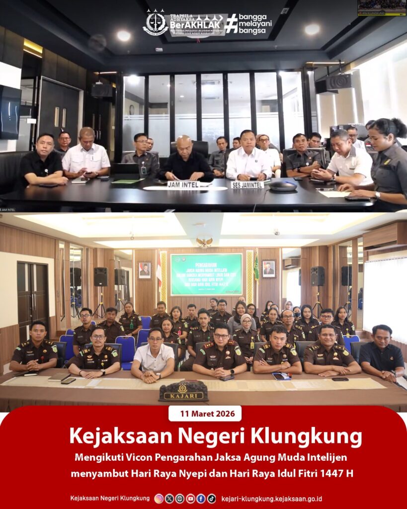 Kepala Kejaksaan Negeri Klungkung R. Indra Senjaya, S.H., M.H. beserta para Kepala Seksi dan jajaran Kejaksaan Negeri Klungkung mengikuti kegiatan Video Conference (Vicon) Pengarahan Jaksa Agung Muda Intelijen dalam rangka menyambut Hari Raya Nyepi dan Hari Raya Idul Fitri 1447 H, pada 11 Maret 2026.
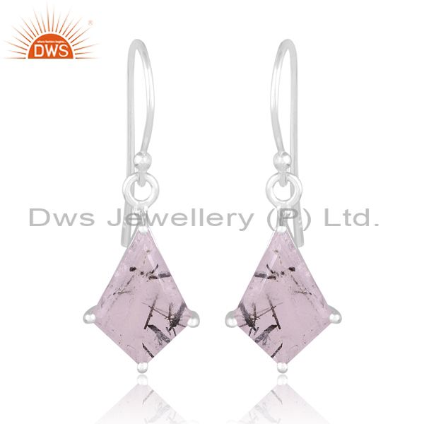 Black Rutile Set Fine Silver Kite Style Long Drop Earrings
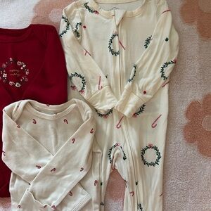 Adorable set of baby onesies. Includes a red onesie with a cute design and two cream onesies with festive patterns. Perfect for the holiday season. Size 0-3 washed never worn.
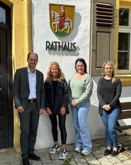 Im Bild von links: Erster Bürgermeister Hartmut Stern, Erzieherin Julia Grasshoff, Kindergartenleitung Constanze Linz und Geschäftsstellenleiterin Nicole Horzela.
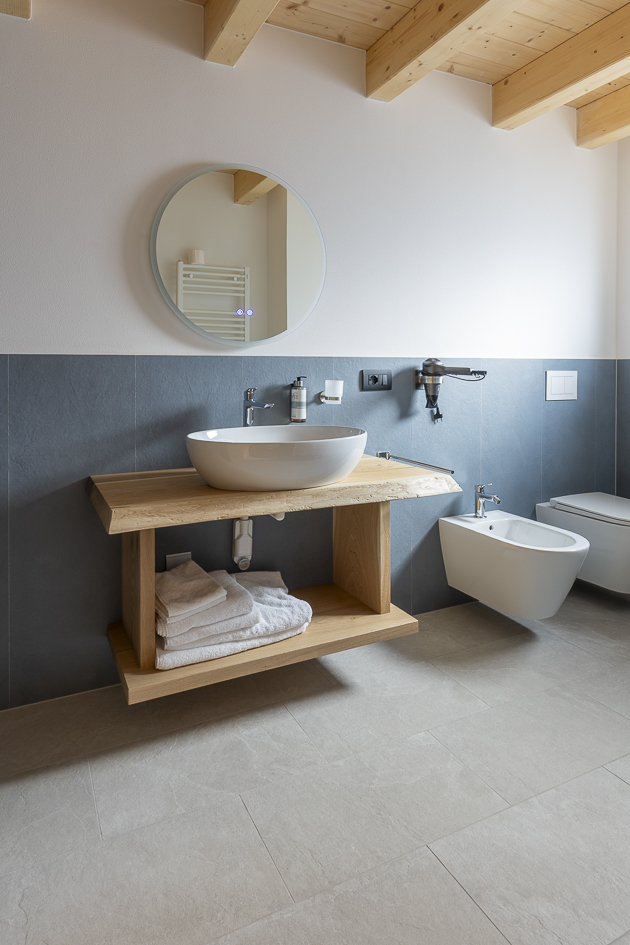 All’interno, i bagni diventano protagonisti grazie a un gioco di texture e cromie che crea ambienti sofisticati e dinamici. Nel primo bagno, il pavimento in gres effetto pietra Realstone_Slate, ispirato alla pietra Ardesia, dialoga con le pareti rivestite in Stratford Wall Blue, per un contrasto elegante e deciso.
┄┄┄┄┄┄┄┄┄┄┄┄┄┄┄┄┄┄┄┄
Exercise → Give the records back exactly. Leave the pictures out.

Reply to the exercise →
 Kepala Kejaksaan Negeri Klungkung R. Indra Senjaya, S.H., M.H. beserta para Kepala Seksi dan jajaran Kejaksaan Negeri Klungkung mengikuti kegiatan Video Conference (Vicon) Pengarahan Jaksa Agung Muda Intelijen dalam rangka menyambut Hari Raya Nyepi dan Hari Raya Idul Fitri 1447 H, pada 11 Maret 2026.
 Black Rutile Set Fine Silver Kite Style Long Drop Earrings
 Adorable set of baby onesies. Includes a red onesie with a cute design and two cream onesies with festive patterns. Perfect for the holiday season. Size 0-3 washed never worn.
 Im Bild von links: Erster Bürgermeister Hartmut Stern, Erzieherin Julia Grasshoff, Kindergartenleitung Constanze Linz und Geschäftsstellenleiterin Nicole Horzela.
 All’interno, i bagni diventano protagonisti grazie a un gioco di texture e cromie che crea ambienti sofisticati e dinamici. Nel primo bagno, il pavimento in gres effetto pietra Realstone_Slate, ispirato alla pietra Ardesia, dialoga con le pareti rivestite in Stratford Wall Blue, per un contrasto elegante e deciso.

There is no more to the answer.